WHAT IS NEEDED: With the pictures removed, reproduce exactly the lines from the one that contains "питьевой воде. |" through the last line of the entries below.

Extracted records:
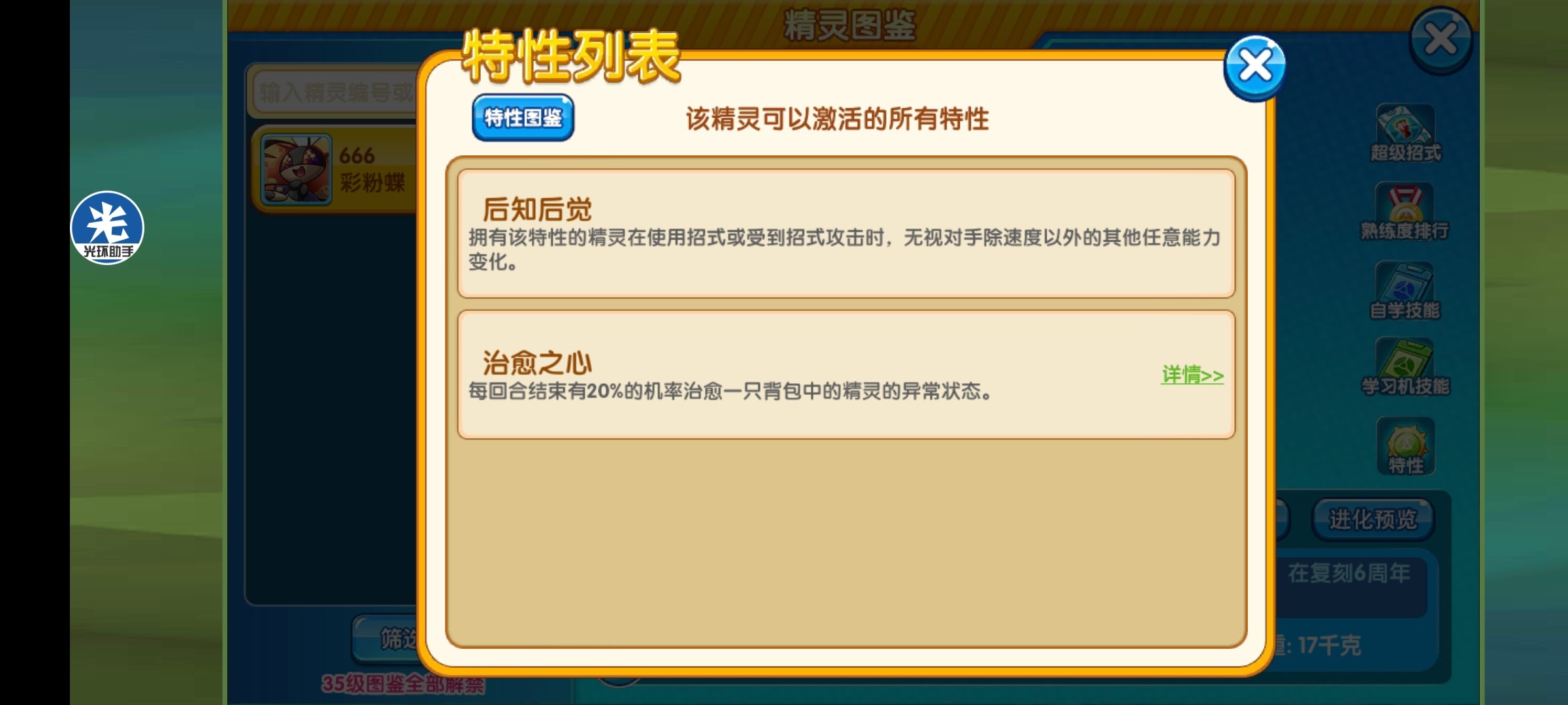 如图,特性有两个,但只推荐后知后觉,无视对手的能力变化,这点很重要。它的玩法一般也都是凭借后知后觉,虽然不一定当盾,但是自己可以强化而无视对手强化,这也很关键。
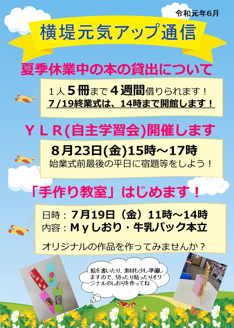 夏休みの間は、図書室の本を5冊借りることができます。
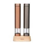 シービージャパンの電動ペッパーミルはカッパーとグラファイトグレーの2本セット。専用ウッドスタンド付きで、岩塩や胡椒などのスパイスを粗さ調節可能で使用できます。
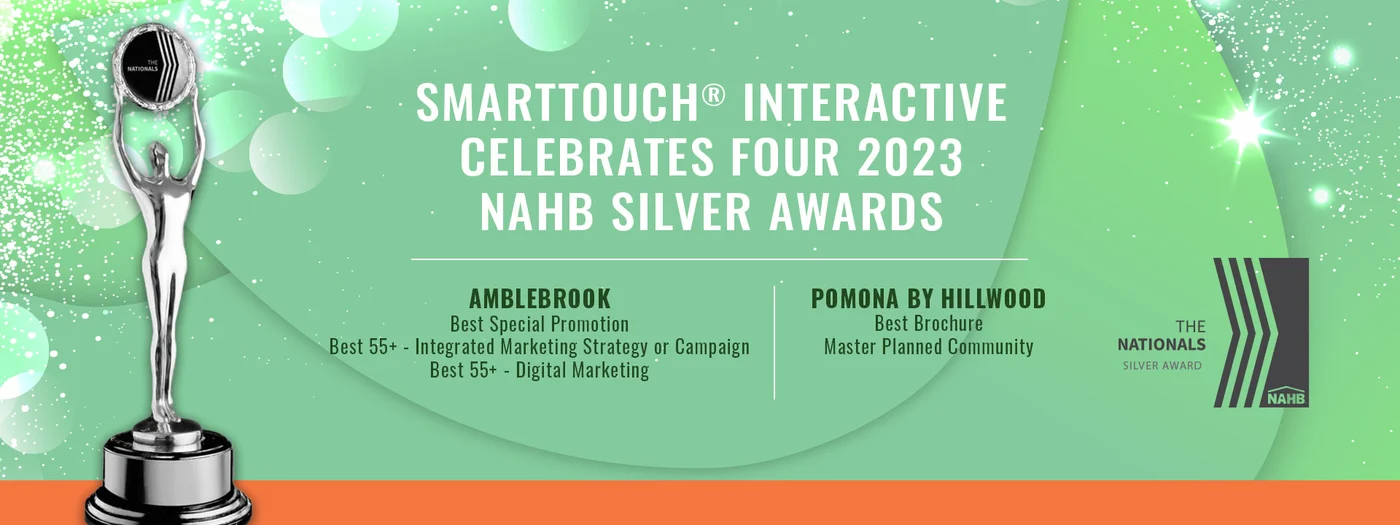 Austin, TX – December 14, 2023 – SmartTouch® Interactive, an award‑winning interactive full service real estate marketing agency and only one to provide its own new home marketing CRM solution, announced that it received four 2023 National Silver Awards from the National Association of Home Builders. Silver Award winners are the top vote recipients in each category and finalists for The Nationals Gold Awards. All Gold Winners will be announced at the Caesars Palace Ballroom in Las Vegas at the NAHB International Builders Show 2024 Awards Ceremony on Tuesday, February 27, 2024.
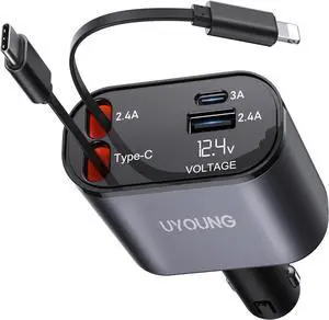 Retractable Car Charger 4 in 1 Fast Car Phone Charger Adapter,Double Type C Retractable Cables and 2 USB Ports Car Charger Compatible with iPhone 16/15/14/13/12/11 Pro max, Galaxy, Google Pixel
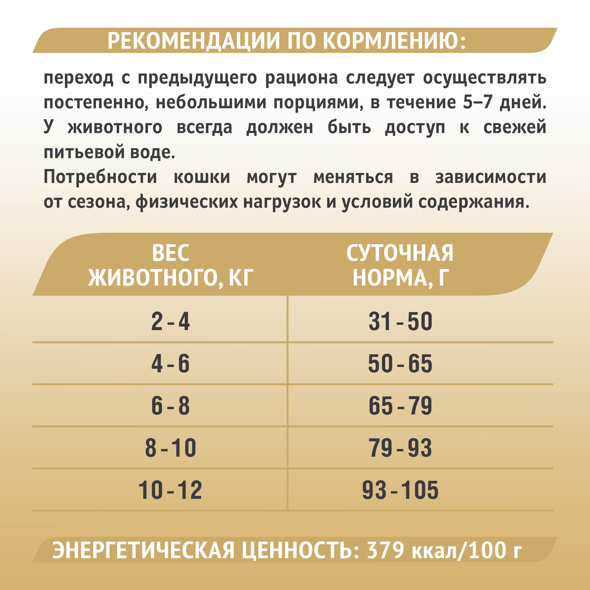 | Дополнительная информация | Переход с предыдущего рациона следует осуществлять постепенно, небольшими порциями в течение 5-7 дней. У животного всегда должен быть доступ к свежей питьевой воде. |
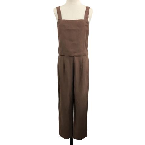 【中古】アンデミュウ セットアップ ビスチェ キャミソール ノースリーブ パンツ ストレート リネン混 無地 M 茶

RESPONSE TO THE EXERCISE:
 | Дополнительная информация | Переход с предыдущего рациона следует осуществлять постепенно, небольшими порциями в течение 5-7 дней. У животного всегда должен быть доступ к свежей питьевой воде. |
 【中古】アンデミュウ セットアップ ビスチェ キャミソール ノースリーブ パンツ ストレート リネン混 無地 M 茶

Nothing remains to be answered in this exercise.